Incorporating Mental Health Focus
One aspect of the multidisciplinarity we usually don’t think about is also incorporating mental health-related practitioners into this mix as well. Chronic conditions change our bodies physically over time; however they also inevitably affect our mindsets at times too. In order for successful control efforts to also be completely effective, it’s important we address the true range of effects that lengthy feelings of helplessness create on our psyche.
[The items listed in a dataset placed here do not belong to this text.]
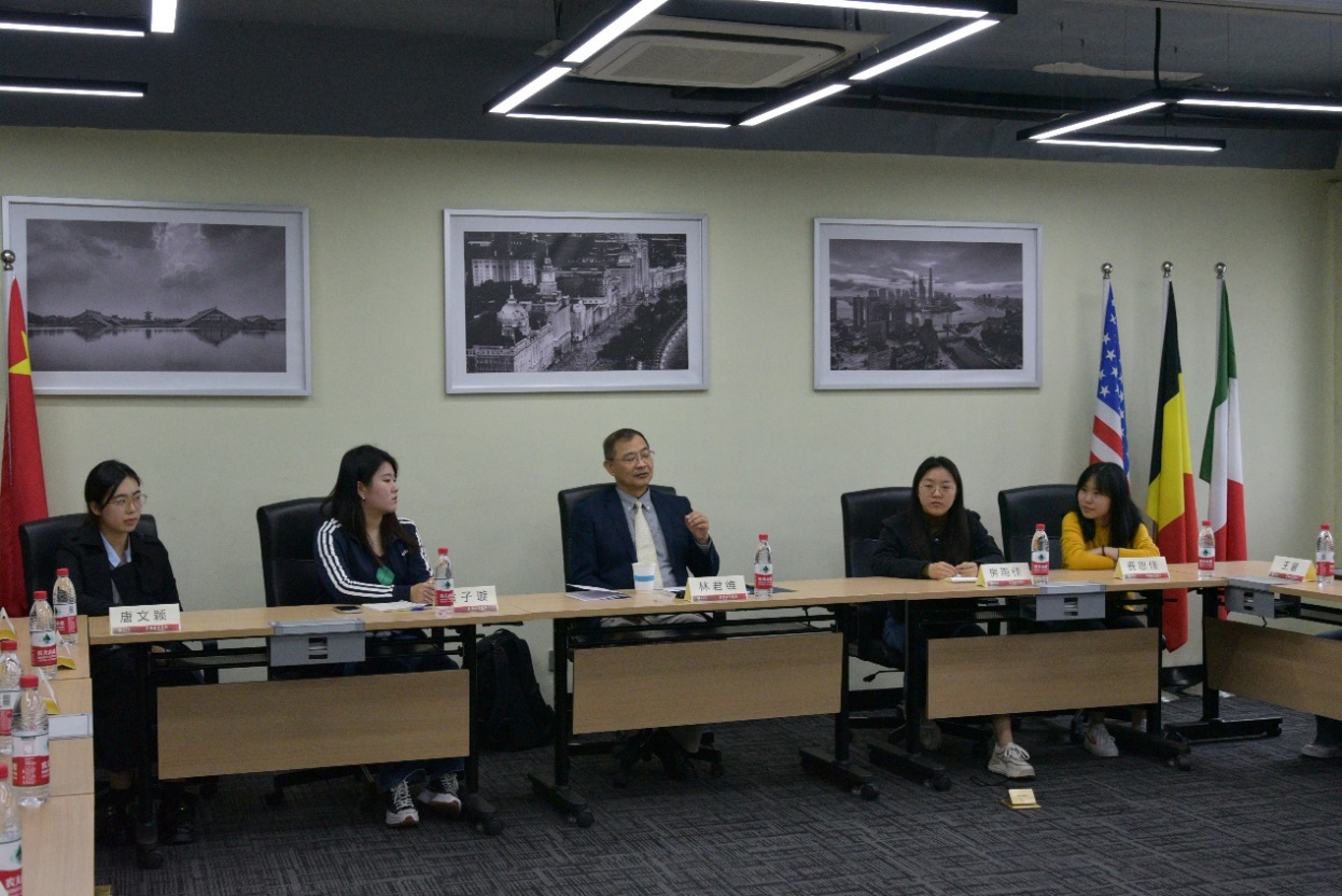 (图七至图十一:林君维教授与商学院学生代表英文场交流)
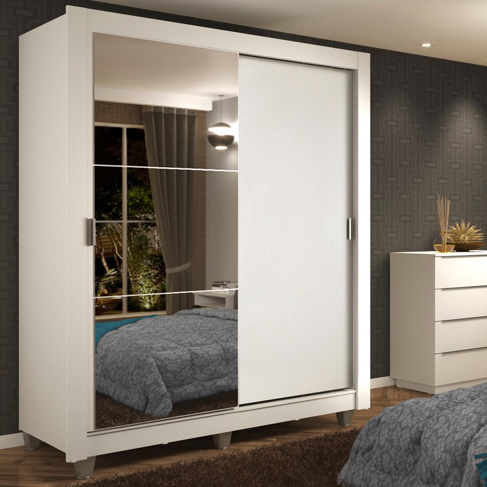 Guarda-Roupa Solteiro Madesa Dallas 2 Portas de Correr com Espelho 2 Gavetas com Pés - Branco
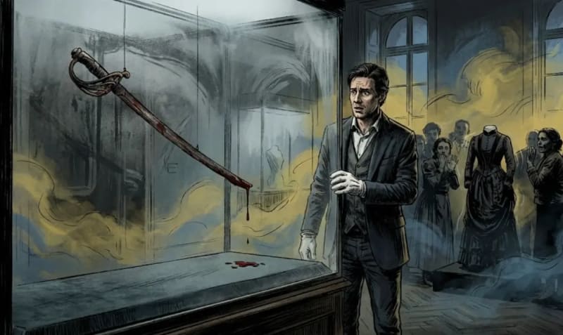 A small crowd had gathered around a glass display case in the center of the room. Inside rested a cavalry saber from 1863. Its steel was pitted, its leather grip rotted.
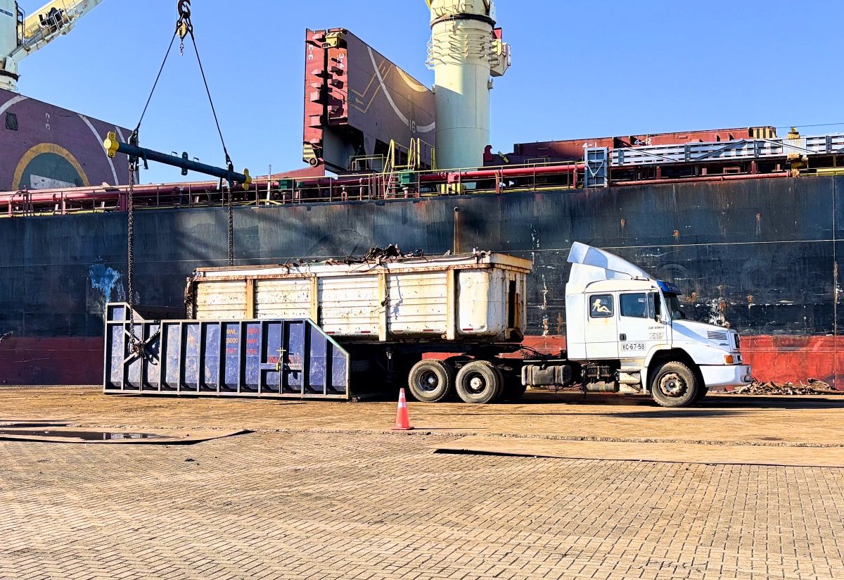 Cargan 15 mil toneladas de chatarra rumbo a Ecuador en Talcahuano Terminal Portuario
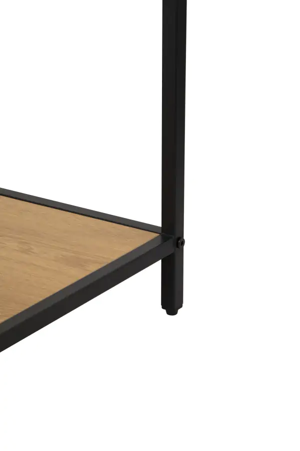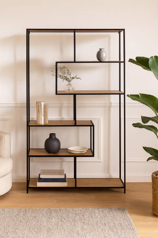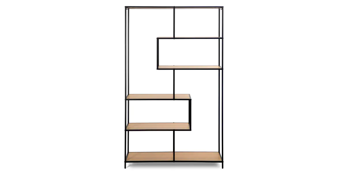 Díky asymetrickému rozložení polic působí zajímavě a zároveň poskytuje místo pro knihy, dekorace nebo doplňky. Černá kovová konstrukce zajišťuje stabilitu, zatímco laminované police jsou snadno udržovatelné a odolné vůči běžnému používání.
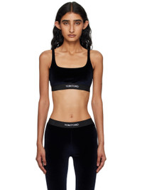 Velour bralette. · Scoop neck · Jacquard logo at elasticized hem · Fixed shoulder straps Supplier color: Midnight blue Body: 72% triacetate, 28% polyester. Trim: 82% polyester, 9% polyamide, 9% elastane. Made in Bosnia And Herzegowina 252076F073000
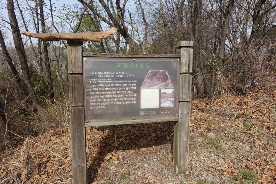 조금전 이정표상 '고장산 0.6km'는 고장산 정상이 군사시설로 되어 있을때 좀 더 진행하여 만나는 낮은 봉우리를 고장산 정상으로 대신할때 표시이고 지금은 바로 정상을 찾은 셈이다. 고장산은 덕계리 및 양주읍 고읍리와 경계를 이루는 산이다. 주변에는 고장동이란 마을이 있다. 일명 태봉(胎峰)이라고도 한다. 신증동국여지승람(1530년) 이후 여러 자료에 등장하는 갈립산으로 추정되는 산으로 이곳에서 옥(玉)이 생산되었다는 기록이 있다.
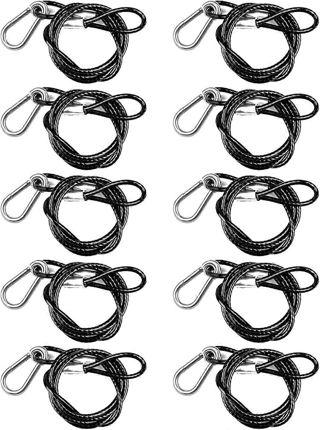 10 PCS 3FT Safety Cable Black Coated Braided Stainless Steel Security Rope Max.Load 110lb for DJ Stage Lighting Par Light Moving Head Light
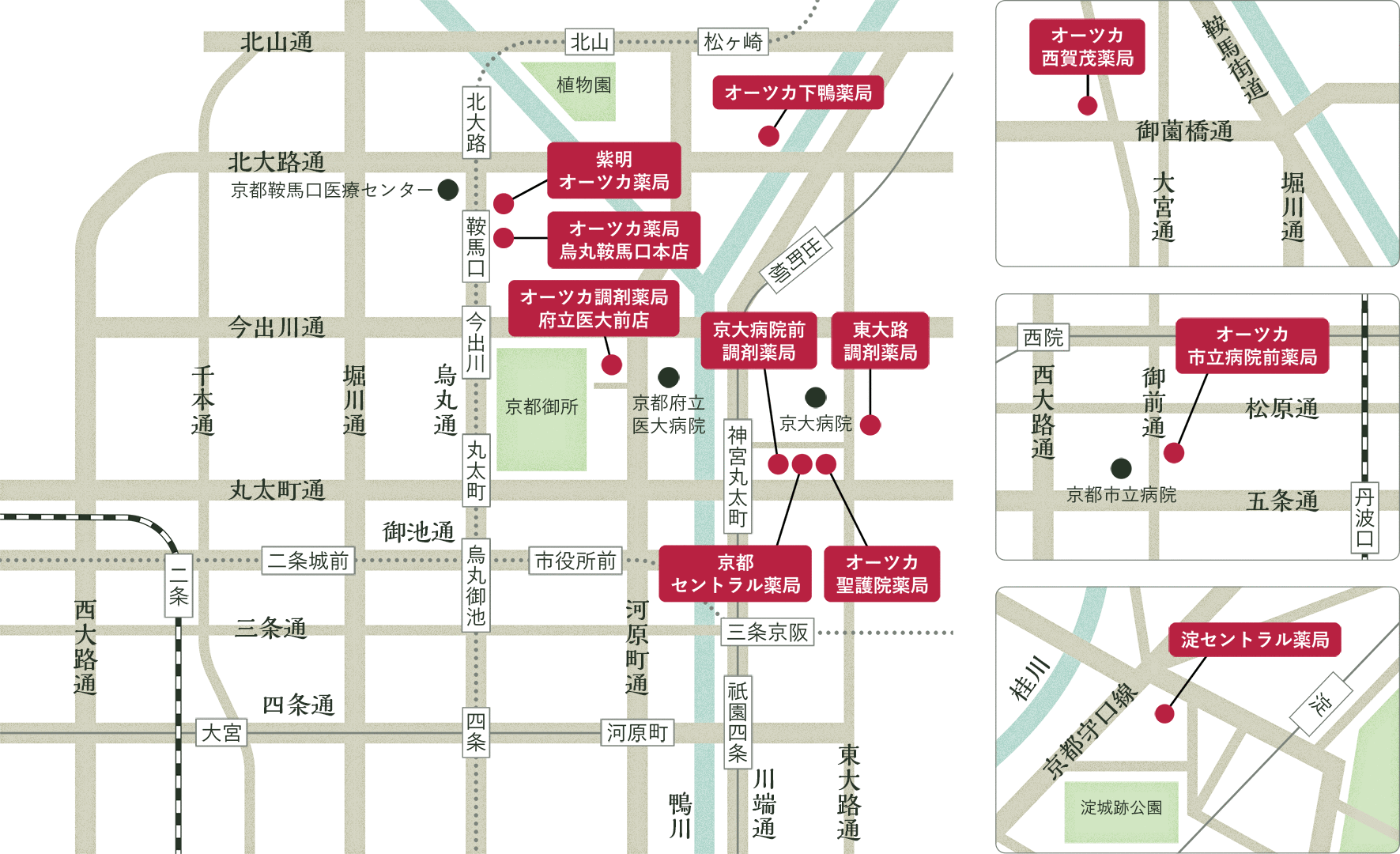 | オーツカ薬局 烏丸鞍馬口本店 | 603-8147京都市北区烏丸通鞍馬口上る上御霊上江町232-1 TEL:075-441-0535FAX:075-431-6120 |

For chronic pain patients, this impact definitely includes increasing feelings of depression, anxiety and overall helplessness at times during especially difficult days or when chronic pain seems overwhelming.
Treating these psychological components separately can include working on focusing strategies or promoting the use of mindfulness techniques; both tend to calm the nervous systems down from flaring up at the thought of activity or movements as this is what ultimately promotes its negative thoughts from acting out on its fear.
Promoting Easier Recovery Plans
Another concept that many of these “advanced” approaches consider? Working towards creating a recovery plan instead of a treatment plan. While treating an injury often focuses on immediate results during one’s time in the office or via their provider(s), creating an environment conducive to healing requires its outcomes be focused on long-term efforts at times.
Therefore one concept that seems successful amongst various continuously-negative outcome chronic pain environments include creating a longer-term recovery plan rather than a “treatment plan.” Considerations included within this plan could range from learning about body mechanics and form, specific individualized exercises for recovery vs those aimed at treating injuries or speeding up recovery, having a team work alongside one another rather than think in isolation about treatment experiences with each patient, that often pose hurdles when attempting to treat them appropriately back towards feeling “normal”
Moving Forward with Realistic Expectations
Recovery from chronic pain rarely follows a straight line. There will be good days and setbacks, periods of improvement followed by temporary flare-ups. Understanding this pattern helps people stay committed to their treatment plan even when progress feels slow.
The goal isn’t necessarily to eliminate all pain forever, but rather to reduce it to manageable levels while improving overall function and quality of life. Many people find that once they discover the right combination of treatments, they can return to activities they thought they’d lost forever.
Finding effective treatment for persistent pain often requires patience and willingness to try approaches beyond basic care. The key is working with practitioners who understand that chronic conditions need comprehensive solutions, not just symptom management.